Теперь вдруг оказалось, что им, постаревшим, стало выгодно "продавать" Василия хозяевам, особенно одиноким женщинам в небольших населённых пунктах, или в дачных посёлках вблизи больших городов. Из неожиданно добытых денег ему купили новый свитер. Он был даже красивее Розиного, но тот грел душу… Новых ботинок и туфлей у него было аж три пары, новый костюм, несколько рубашек и несколько пар белья. Пришлось для этих пожитков купить хороший чемодан. Экипировался для торгов. И на дачах предпочитали на работы брать его, бича (бывшего интеллигентного человека), чем бомжей, которые и спереть что-нибудь.

Его дружки при посторонних обращались к нему только по званию: "капитан". А в его отсутствие, пользуясь любым случаем, когда дачники или владельцы частных домов спрашивали, что это Василий так неплохо одет? - отвечали: да он интеллигентный человек - капитаном на корабле был! Или: да он не простой человек - Капитан! И если возникала необходимость пояснить, почему он бомжует, тут же выдавалась легенда о том, что у Василия это временные трудности, что после аварии и несправедливого суда он выправляет документы и снова пойдёт работать на свой корабль. А то, что немного выпивает, так начнёшь пить после такой несправедливости. Как правило, это срабатывало. Они нигде дольше одного сезона не задерживались и во второй раз не появлялись. Разве что Средней Азии, но тем бир-бар, кто они, работали бы нормально. А в России Славка и Вовчик имели с этого прямую выгоду: им охотнее доверяли сложные работы – всё же капитан не стал бы водиться с ненадёжными людьми.

Но чаще всего Славка и Вовчик отправляли за расспросами к самому Василию, так выглядело солиднее, и тот важничал, но особо не распространялся: да, капитан он. Да, есть сложности. Немногословности верили больше.

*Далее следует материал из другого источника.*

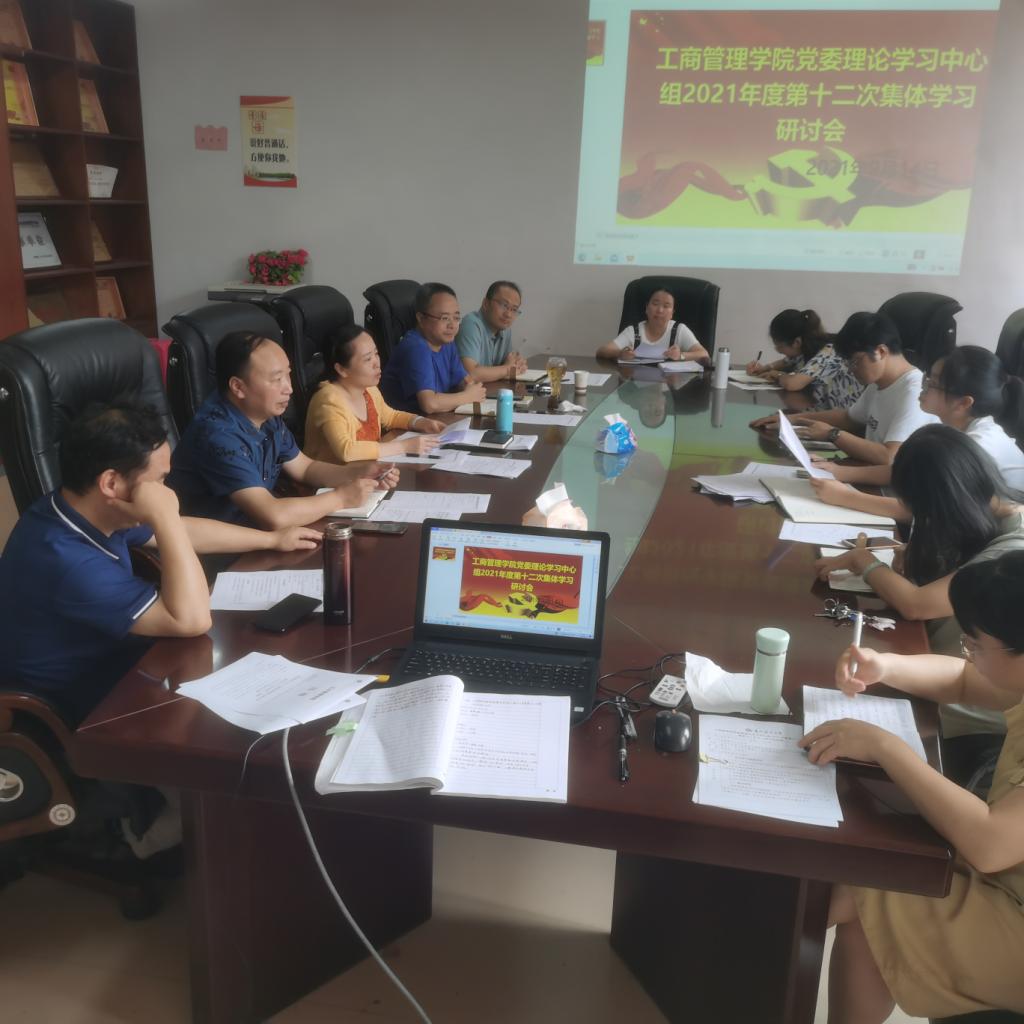 9月14日上午,工商管理公司党委理论学习中心组围绕“习近平总书记在庆祝中国共产党成立100周年大会上的重要讲话精神(‘五个庄严宣告’、伟大建党精神)”专题,在崇德楼427会议室举行2021年度第十二次集体学习(扩大)研讨会。公司领导杨阳、崔军、何瑞、袁开福、胡北明、刘良灿及各支部书记出席会议,公司党委书记杨阳主持会议。
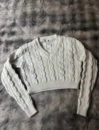 Jersey crop top de punto trenzado en color blanco. Un básico versátil para cualquier ocasión. - Diseño de punto trenzado. - Corte crop top. - Cuello en V.

С годами всё труднее стало находить приличных баб и всё чаще, как говорил Славка, приходилось пользоваться шалавами. Женщины эти – битые-перебитые, все сплошь пьянь. Они всё отлично понимали, но ни одна не выступала: дал выпить и спасибо, а лезть с расспросами - можно по морде схлопотать. И без этого они дрались иногда со своими подругами, пустячный спор перерастал в злобную ссору. Стыдно сказать, но "капитан" раза два с хорошего перепою, тоже бил своих подруг. Помнит он, как на заброшенном складе одного из заводов у них собралась компания. Сначала выпили на вокзале, потом приехали сюда. Поставили даже пару кроватей с ближайшей свалки да занесли какие-то нары, на которых восседал сторож из местных, когда завод еще работал нормально. Любят эти восточные люди посидеть, поджав ноги. Напились они тогда! Как возникла ссора между двумя чужими бабами и ими? Но драка была большая, пьяная, бестолковая. Одна из подружек врезала и ему. И когда она хотела огреть его ещё и бутылкой, он сумел пьяно отшатнуться, а затем сильно ударить её. Потом ещё раз… Чужих они тогда сумели выпинать, с ними остались две бабы.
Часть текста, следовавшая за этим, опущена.